Too much to get into here, but I have chipur references for you (of course!). Here’s a link to an article on cortisol, and another to a piece I wrote on the HPA axis. Both are important reading.

How to Freeze-Out Burnout

Managing burnout involves two pieces. Prevention is Job 1. However, if the inferno has hit, you need to be able to douse it. Let’s chat both…

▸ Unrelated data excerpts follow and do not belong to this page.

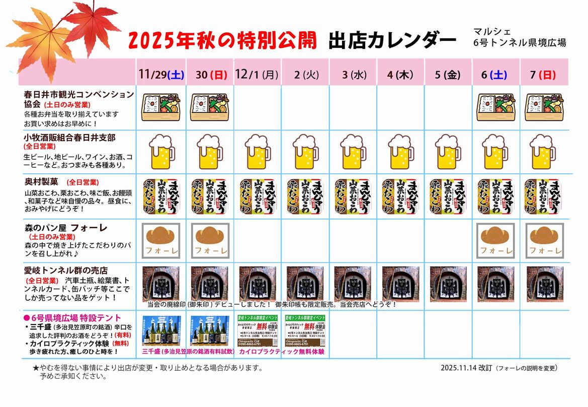 ⑤期間中は場内で弁当・飲料水など販売します。(下記の出店カレンダーを参照)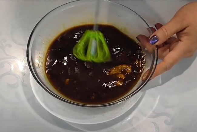 - Сок процеживаем, смешиваем с цедрой, соевым соусом, горчицей и медом, немного солим.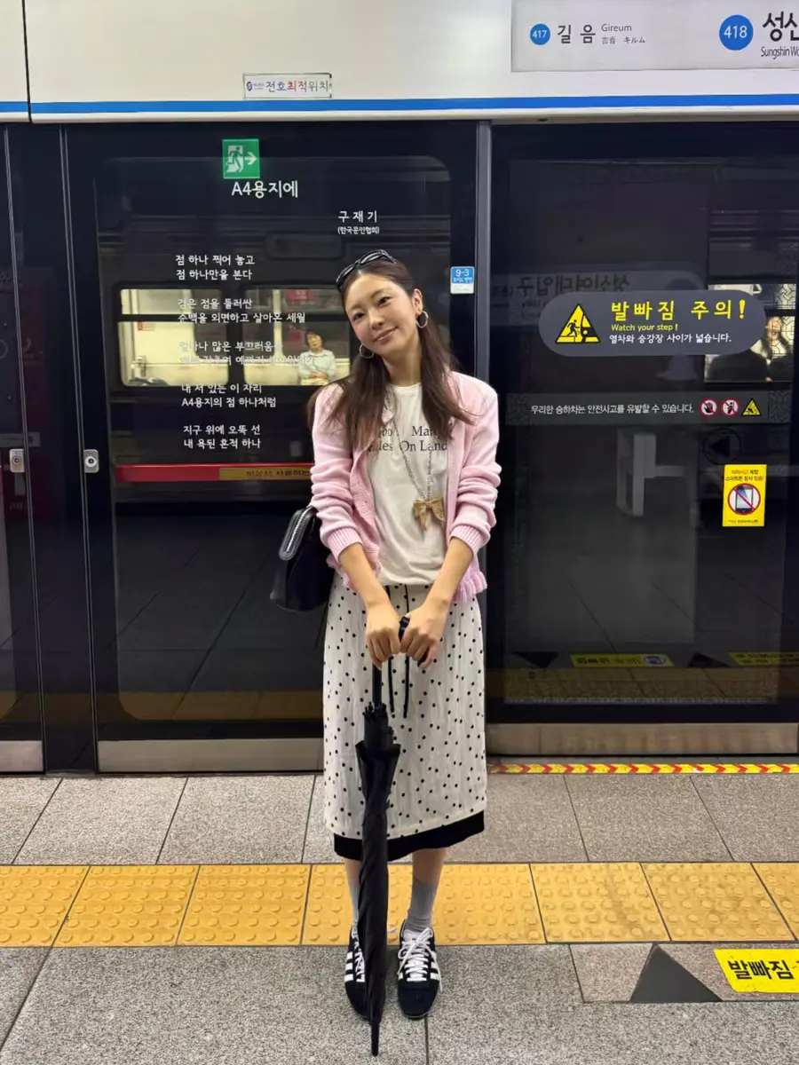 新品上身丨粉糯针织配波点裙,首尔漫游的甜妹公式🔮

  • Gain insight into your potential for burnout based upon your personality traits, personal history, and family history. Get to know you!
  • Implement lifestyle changes: Incorporate some “me-time” into your day (especially when you arise) – meditate, journal, stretch, or read something inspiring/motivating. Tidy-up your diet, exercise, get sufficient sleep, play.
  • Set boundaries: Learn how to say “no” to others – and yourself. You have to know when enough’s enough – and how to express it.
  • Take regular and sufficient technology breaks – computer, TV, phone, text, email, etc.
  • Get involved with projects/hobbies that bring you enjoyment.
  • Do everything you can to minimize and manage stress.

In the Midst

  • Insight is always first. Bone-up on how burnout presents in you. How can you expect to do anything about it if you don’t know it’s on the scene?
  • Implement a prepared (hint) plan of slow-down. Not necessarily stoppage, just reducing the intensity and scope of your activity.
  • Take a look at the list of life priorities you prepared (hint again). What’s truly important just now – what isn’t?
  • Do the list-and-examine thing for the arenas in which your life takes place – relationships, work, school, social obligations, etc. If it isn’t on the priority list, it doesn’t happen.
  • Based upon your priority list(s), amend your schedule.
  • Secure help and support. You don’t have to endure this alone. Furthermore, you’re only throwing fuel on the fire if you try to.
  • Look in a mirror and tell yourself you have what it takes to get through the inferno – and to keep it from burning once more.
  • Love yourself (for a change). You’re more than worthy.

That’s All Folks

Burnout is dicey business. It’s such a powerful phenomenon, and capable of wreaking havoc. And the scary thing is, it so often flies under the radar.

That can only mean trouble.

But not for you, because now you know what it is – and what to do about it.